Knacker stood back. Not a man who regularly congratulated himself. He had been listened to, had been heard. It was his familiar speech on the eve of a mission, the last hours before a man was put in harm’s way. Minor variations, but done many times. Earlier in his life he had stayed close to the border and had watched his agent go over or under or through a fence. Or had seen him into the departure hall at an airport. Or had been on a platform when a night train pulled away, his man settling into a seat and ticking fast in his mind the details of the legend, a lifestyle story, he’d been provided with. There had been a few men, and one woman, who had believed they possessed the strength of will to change their minds late in the day, to step back, and say to his face they were no longer prepared to go, wanted out. None had succeeded. He had ridiculed them, had praised them to the hilt, used the poetry of inspiration, had threatened… Quite a considerable armoury of tax investigation, job loss, consequences that were brutal and which he would not flinch from employing. They’d all gone… a few had even come back.
He seldom lingered in the past, just a fast kaleidoscope of faces that seemed to blur the image of Gaz in front of him.
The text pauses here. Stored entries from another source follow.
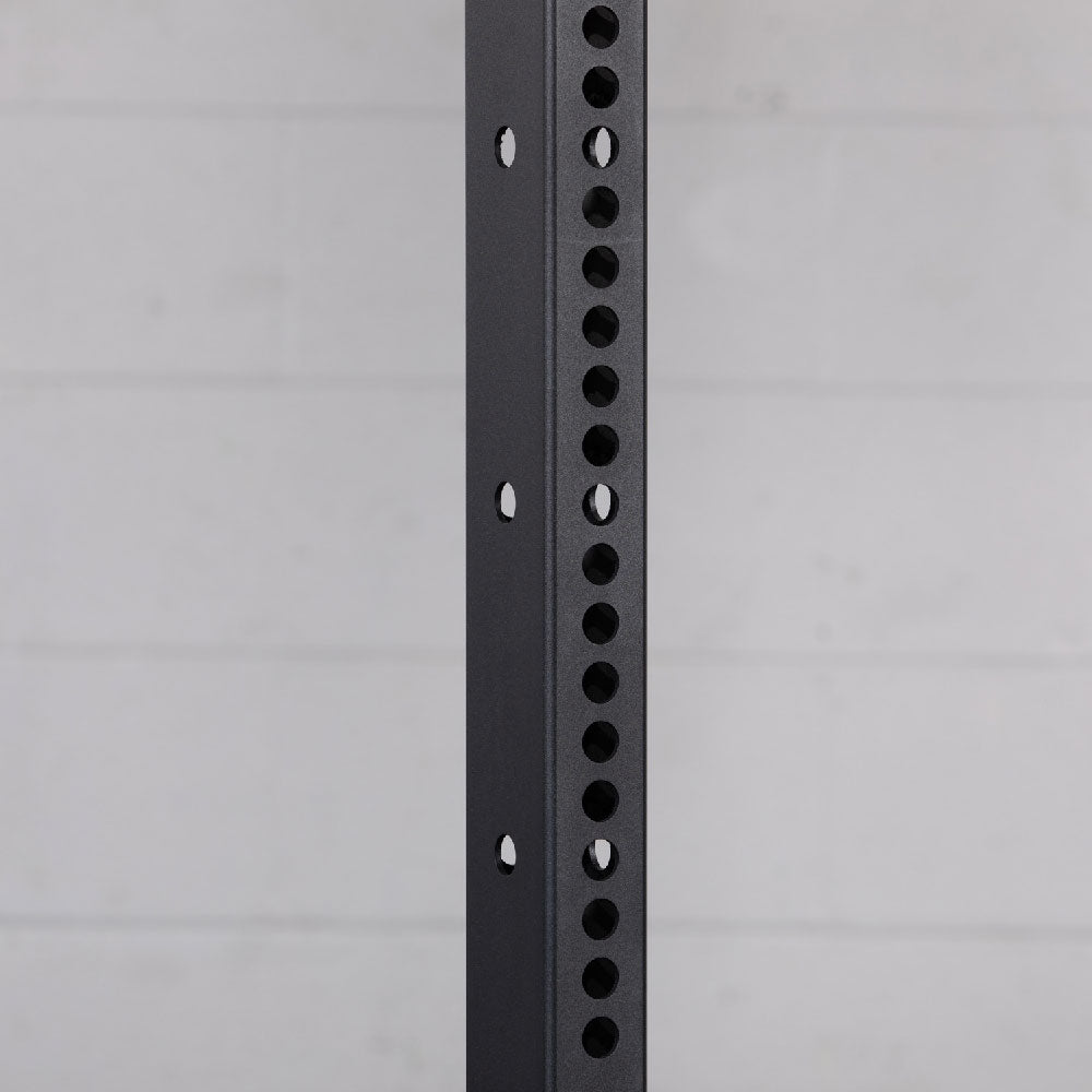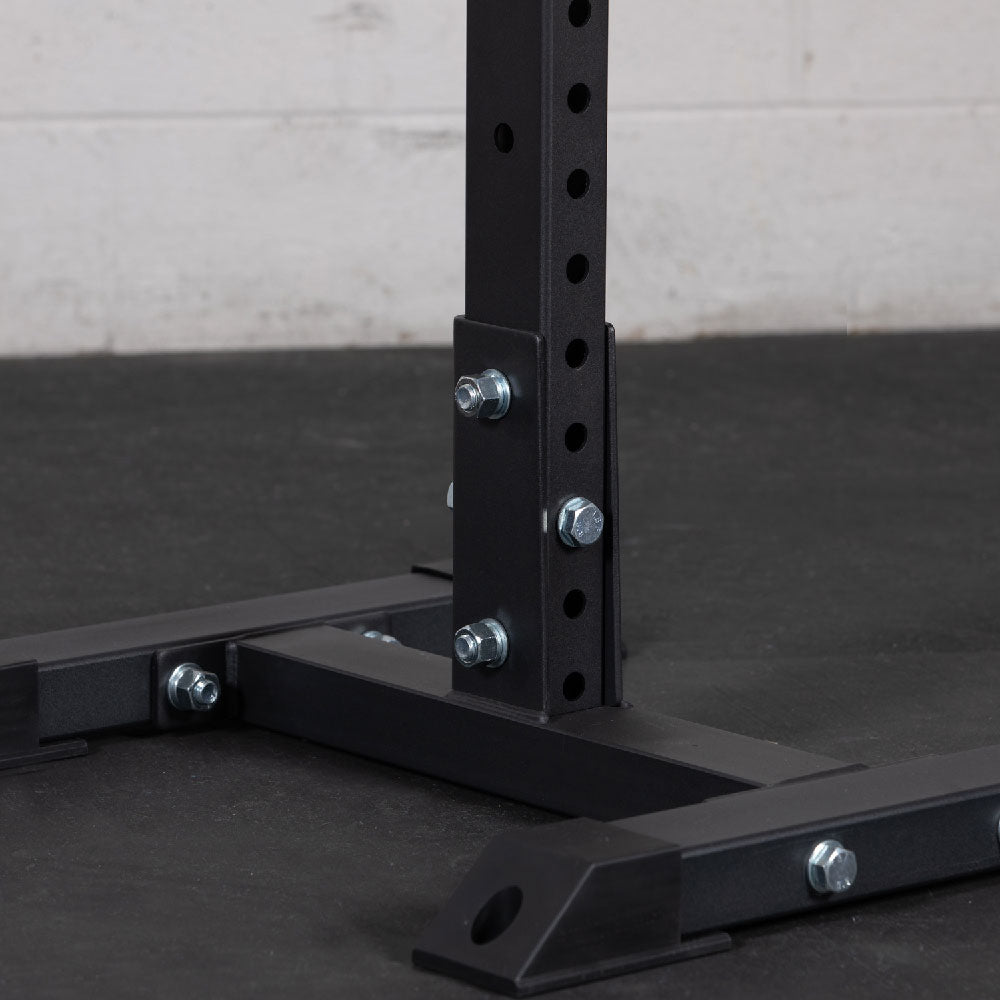 The T-3 Series Independent Squat Stand is a great solution for cramped home gyms where you need to move the stand frequently. Built-in two pieces, the stands feature reinforced J-Hooks, Westside hole spacing through the bench and clean pull zone, 2" spacing above and below, 6" side hole spacing throughout the entire upright. This unit offers a considerable number of positions helping to accommodate a wide range of height and exercises. The independent upright design is extremely stable and does not need to be bolted to the floor. Many Olympic weightlifters prefer this set up for its small footprint and low-profile design. The bolt-together construction allows you to easily transport and fit the rack into any room or basement without having to worry about ceiling height.
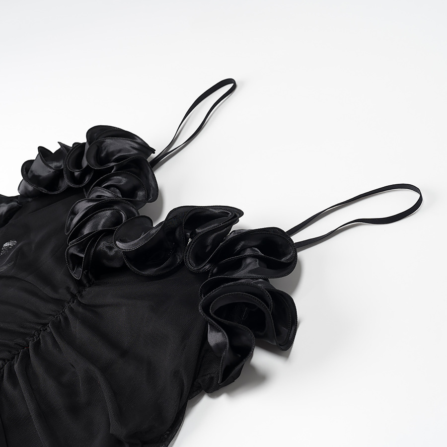 ZARZ 自制 欧美风 新款女装 百搭绢网露背设计V领吊带围巾连衣裙
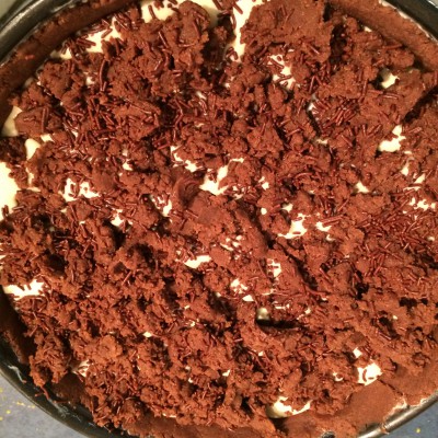 Die Füllung zum Teig geben und den restlichen Teig als Streusel (DAS sind jetzt unsere hergestellten Streusel) darauf verteilen. Als Abschluss noch die zweite Hälfte der Schokostreusel (die gekauften) darüber streuen.
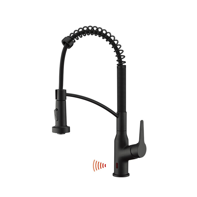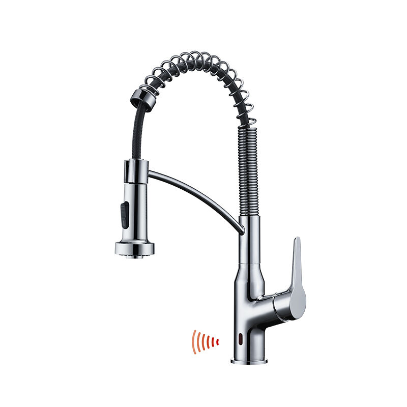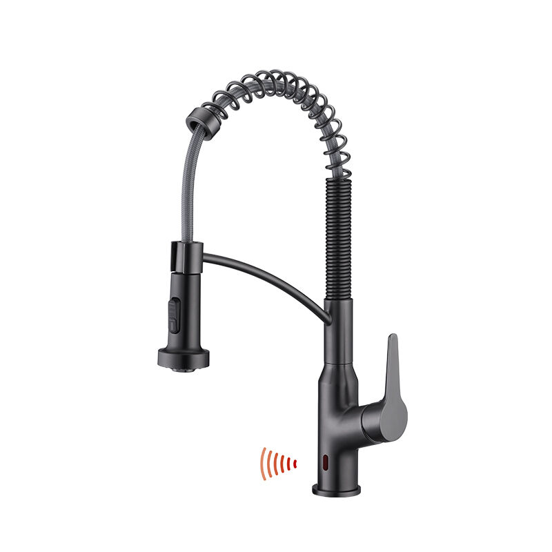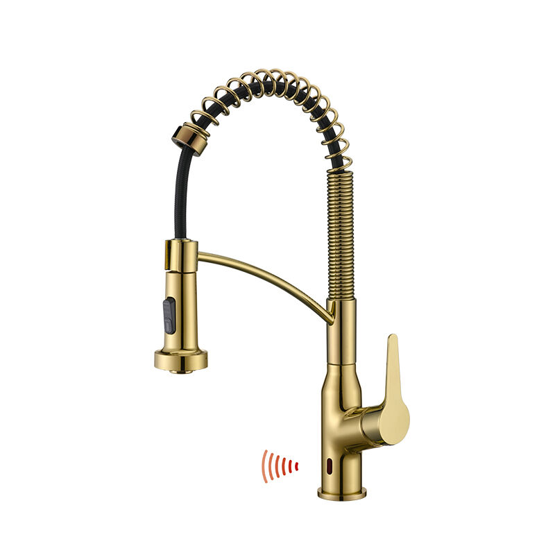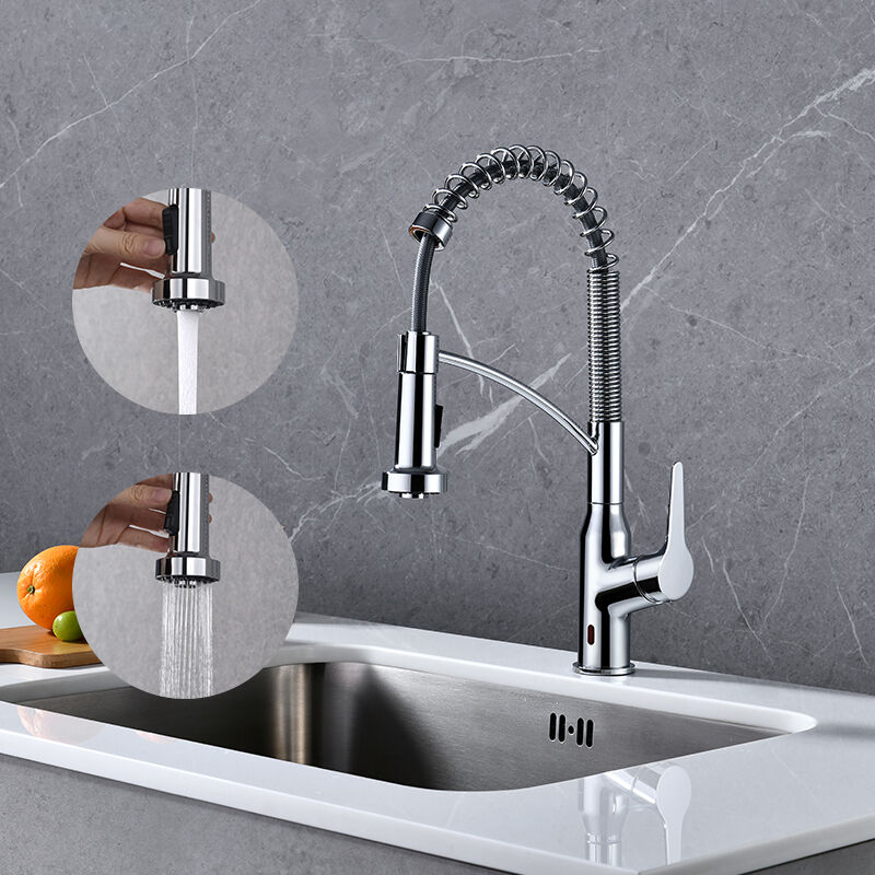Trendy pull-out kitchen faucet with fingerprint-resistant finish option, 2-spray settings, complements modern kitchen decor, durable brass core, easy to maintain

There were enough of them who had gone boldly forward with his soft-spoken encouragement trilling in their heads. Some had died beyond the reach of help after experiencing the violence of interrogation cells, and some had gone to the penal colonies, and some would emerge as broken individuals, but Knacker could comfort himself that, the end had always justified the means. A couple lost in Iran and three in the Damascus hell-holes, but the outstanding majority had gone into the territory of the Russian Federation. In his experience, the men he sent put on a show of confidence. There were those who were traitors to their own regime, who loathed it, or were keen to accept Knacker’s money, intelligence officers or scientists, one from the military general staff. And some who worked in telephone exchanges or in central banking. Some would earnestly say to him, ‘I think I’ve done enough…’ He’d respond, total sincerity, that their safety was his paramount concern and ‘… just one more time, friend, just once more, then we’ll call it a day…’ They all did, and there was always a moment of reflection at the Round Table, when a new casualty was spoken of, a pause in laughter and gossip and a raised glass. And life moved on. His hand was in his pocket and his fingers played with the coins – sterling and euros and Norwegian kroner – and they rested on the one that Maude had stolen at the Wall. He liked that thought, being a Pict or a Cantabrian painted with woad, not wearing a suit and a waterproof against a change in the weather and pushing men forward towards that great Wall, or a simple fence, all in the interests of the greater good.
“Little bit more time to kill, and I’m relying on Fee having that flask, and those biscuits… then I’ll leave you with her and our good and competent local colleague. Just have to get back to town, tie up a few loose ends… See you when you come back out… First, a splash of coffee.”
He always tied loose ends, left everything tidy; Knacker believed in the value of tidiness. The coin was between his fingers and that evening he might get one of the girls to clean it.
“We’ll miss you, Major, miss you greatly.”
Many had echoed that, all lying bastards: he knew most would be anxious to see him gone. He represented power and influence beyond a level they could attain or dream of.
“Congratulations on your new appointment, Major, we have been fortunate to have you here.”
Murmansk had a fine new headquarters building, but it was a backwater and those who wished to earn promotion would want to be out of the place fast. Only an imbecile would want to be here in this city where for six weeks in summer there was no darkness, and for six weeks in winter there was no sunrise. His mother had travelled north for two visits in the twenty-three months he had been stationed there and he had seen the lustre leave her face and she had seemed to shrivel in the wind. On each occasion rain had fallen steadily. There was nothing to show her and she had remarked, when standing at the foot of the Alyosha monument, that she would have preferred a postcard of it to seeing it for herself.
“We hope you will have pleasant memories of the city, of us, Major, and remember us favourably, and we hope you will speak well of us and our work in Moscow.”
In the capital there were fine shopping opportunities, and worthwhile work and a chance to bead his gaze on the faces of the fidgeting men over whom he exercised control. And status. And the regular chance to manufacture an excuse to take a free flight down to Sochi where there was always a vacant villa or an apartment belonging to a friend of his father. The brigadier general had never come to see him. His father distrusted the navy, was an army man, had no interest in the affairs of the Northern Fleet. And work involving drugs dependency in the city would hardly have held his father’s attention, nor anything connected with the so called ‘green lobby’ that complained endlessly about the alleged dumping of nuclear waste from decommissioned submarines. He hoped he would never again have to deal with security problems involving the frontier, or monitoring foreign diplomats and occasional tourists, or the difficult relations with the naval security people, an arrogant crowd. His father had sent the two minders who lived in a neighbouring block and drove him around and mounted a loose guard over him.
“A privilege to work with you, Major, and our thanks for your insights.”
He would go out of the door and his desk would be cleared and the hard drive on his computer cleansed of his own work and a new man would soon have his feet under the table.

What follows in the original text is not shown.